Supervision is a critical risk management tool as well as vital for client service, employee satisfaction and profitability. Failing to supervise properly is a cause of many claims.  There is no one size fits all for supervision but the key is it must be proactive. A supervision policy could include:

  • criteria for what correspondence needs to be signed by partners
  • how email correspondence should be managed
  • that supervising practitioners are required to meet regularly with their delegates to discuss the status of all files handled by the delegate.

For more information on supervision see the SuperVision presenter’s workbook in our password protected Risk Management Training Recourses section of our website and search ‘supervision’ in the search function of our website.

☐  Time recording, charges and billing procedures

☐  Trust account and return of client monies

Practice/firm management and staff

☐  Audit requests from clients

    Policies would normally deal with who is authorised to approve/respond to such requests and provide guidance on the information that should be provided to the client (which may depend on the type of enquiry) and the form of response.

☐  Certified copies of documents

    The key point of the policy should be that the original document must be sighted before someone certifies that a photocopy is a true copy of that original. The policy may also deal with the wording to be used and who may give the certification (e.g. qualified legal practitioners).

☐  Company secretarial services

☐  Departing personnel

☐  Directorships and other outside interests

This policy should address what type of directorships partners and employees are allowed to accept. It should specifically address whether the firm permits directorships of current clients and on what conditions.
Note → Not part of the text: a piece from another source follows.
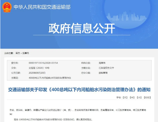 該《辦法》共包含七個章節(jié),旨在防治內(nèi)河船舶污染水域環(huán)境,涉及“生活污水污染防治”“船舶垃圾污染防治”“機器處所油污水污染防治”“洗艙水污染防治”等內(nèi)容。

☐  Discrimination, harassment, bullying

☐  File reviews/audits

☐  Information/file security (including third party confidential information)

☐  IT systems (including email)

☐  Leave and absences from the office

☐  Membership of professional organisations

☐  Occupational health and safety

☐  Precedents

☐  Privacy

☐  Publications, public presentations and media communications

☐  Records management

☐  Registered office/place for serving documents

☐  Safe custody of documents

☐  Service standards

☐  Social media

☐  Trading in securities

☐  Travel

☐  Work from home/remote

☐  Well-being

Claims and complaints

☐  Claims and complaints

This policy should specify:

  • who is responsible for managing claims and complaints in the firm – preferably just one person
  • that all circumstances which may give rise to a claim or complaint be notified to the relevant person as soon as anyone becomes aware of them
  • how claims and complaints are reported to the partnership.

It may also cover an internal complaints procedure including:

  • how clients can make an internal complaint about someone in the firm
  • how that complaint will be investigated
  • the time frame in which the complaint will be dealt.